──────── Dataset content
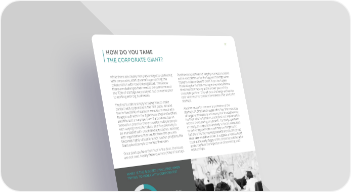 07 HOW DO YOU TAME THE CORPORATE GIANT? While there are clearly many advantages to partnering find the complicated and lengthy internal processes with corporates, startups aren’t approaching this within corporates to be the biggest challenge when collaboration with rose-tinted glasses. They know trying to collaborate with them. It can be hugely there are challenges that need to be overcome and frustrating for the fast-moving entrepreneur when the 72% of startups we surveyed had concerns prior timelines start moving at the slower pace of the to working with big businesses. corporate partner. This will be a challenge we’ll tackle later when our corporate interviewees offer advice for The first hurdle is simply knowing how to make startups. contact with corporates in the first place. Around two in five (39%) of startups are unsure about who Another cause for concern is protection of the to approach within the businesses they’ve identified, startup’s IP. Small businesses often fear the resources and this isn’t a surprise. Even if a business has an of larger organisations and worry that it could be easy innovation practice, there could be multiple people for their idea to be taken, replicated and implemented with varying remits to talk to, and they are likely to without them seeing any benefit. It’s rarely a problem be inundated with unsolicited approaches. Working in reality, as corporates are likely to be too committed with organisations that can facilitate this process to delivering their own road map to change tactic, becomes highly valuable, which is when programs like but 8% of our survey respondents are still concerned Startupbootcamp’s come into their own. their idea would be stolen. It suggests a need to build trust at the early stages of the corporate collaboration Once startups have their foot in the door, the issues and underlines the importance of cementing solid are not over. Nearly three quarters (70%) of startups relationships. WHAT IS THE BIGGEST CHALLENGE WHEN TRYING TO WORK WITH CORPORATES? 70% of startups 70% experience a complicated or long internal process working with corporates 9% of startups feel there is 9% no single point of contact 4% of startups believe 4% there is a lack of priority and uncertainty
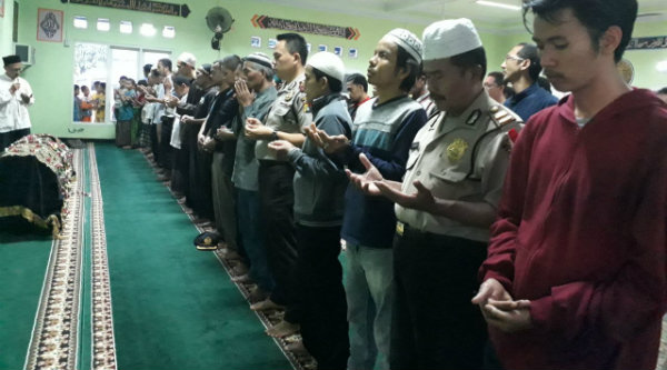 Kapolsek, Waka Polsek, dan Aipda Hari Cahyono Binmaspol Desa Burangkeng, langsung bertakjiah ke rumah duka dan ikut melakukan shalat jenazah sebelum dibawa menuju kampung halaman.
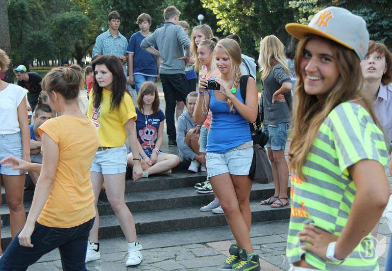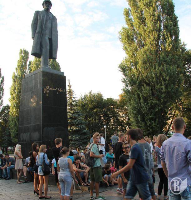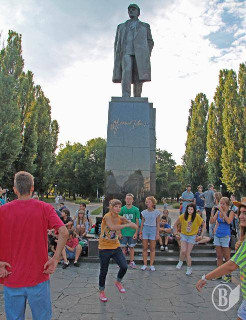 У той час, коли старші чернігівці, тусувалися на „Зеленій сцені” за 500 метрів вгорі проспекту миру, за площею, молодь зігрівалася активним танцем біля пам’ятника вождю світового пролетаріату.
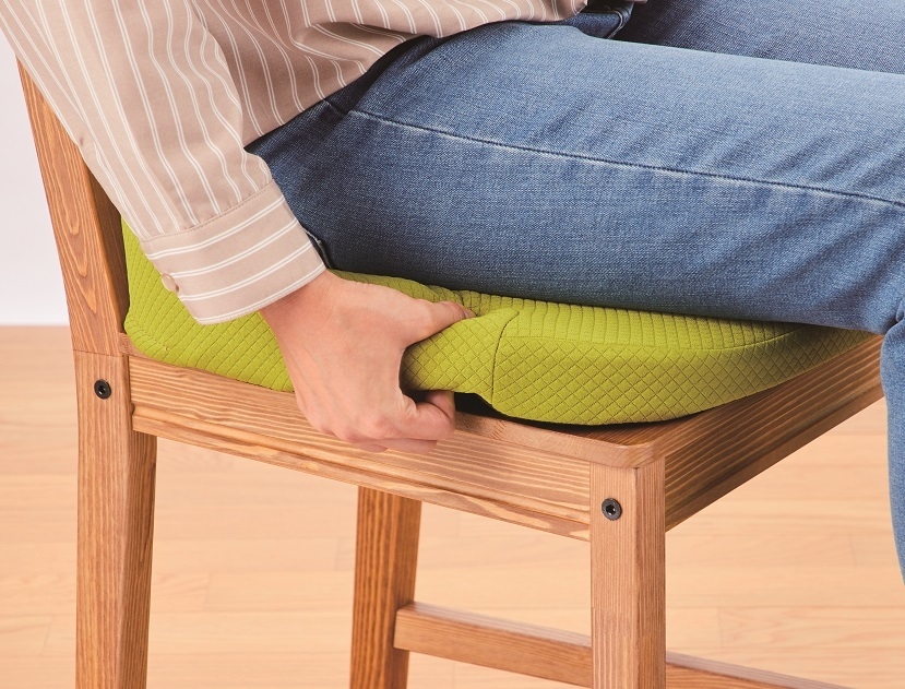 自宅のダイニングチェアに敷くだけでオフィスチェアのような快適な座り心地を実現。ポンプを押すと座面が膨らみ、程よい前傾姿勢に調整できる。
────────────────
» **Work to be completed**
No image belongs in the copy. Transcribe the full listing verbatim.

» **Response**
 07 HOW DO YOU TAME THE CORPORATE GIANT? While there are clearly many advantages to partnering find the complicated and lengthy internal processes with corporates, startups aren’t approaching this within corporates to be the biggest challenge when collaboration with rose-tinted glasses. They know trying to collaborate with them. It can be hugely there are challenges that need to be overcome and frustrating for the fast-moving entrepreneur when the 72% of startups we surveyed had concerns prior timelines start moving at the slower pace of the to working with big businesses. corporate partner. This will be a challenge we’ll tackle later when our corporate interviewees offer advice for The first hurdle is simply knowing how to make startups. contact with corporates in the first place. Around two in five (39%) of startups are unsure about who Another cause for concern is protection of the to approach within the businesses they’ve identified, startup’s IP. Small businesses often fear the resources and this isn’t a surprise. Even if a business has an of larger organisations and worry that it could be easy innovation practice, there could be multiple people for their idea to be taken, replicated and implemented with varying remits to talk to, and they are likely to without them seeing any benefit. It’s rarely a problem be inundated with unsolicited approaches. Working in reality, as corporates are likely to be too committed with organisations that can facilitate this process to delivering their own road map to change tactic, becomes highly valuable, which is when programs like but 8% of our survey respondents are still concerned Startupbootcamp’s come into their own. their idea would be stolen. It suggests a need to build trust at the early stages of the corporate collaboration Once startups have their foot in the door, the issues and underlines the importance of cementing solid are not over. Nearly three quarters (70%) of startups relationships. WHAT IS THE BIGGEST CHALLENGE WHEN TRYING TO WORK WITH CORPORATES? 70% of startups 70% experience a complicated or long internal process working with corporates 9% of startups feel there is 9% no single point of contact 4% of startups believe 4% there is a lack of priority and uncertainty
 Kapolsek, Waka Polsek, dan Aipda Hari Cahyono Binmaspol Desa Burangkeng, langsung bertakjiah ke rumah duka dan ikut melakukan shalat jenazah sebelum dibawa menuju kampung halaman.
 У той час, коли старші чернігівці, тусувалися на „Зеленій сцені” за 500 метрів вгорі проспекту миру, за площею, молодь зігрівалася активним танцем біля пам’ятника вождю світового пролетаріату.
 自宅のダイニングチェアに敷くだけでオフィスチェアのような快適な座り心地を実現。ポンプを押すと座面が膨らみ、程よい前傾姿勢に調整できる。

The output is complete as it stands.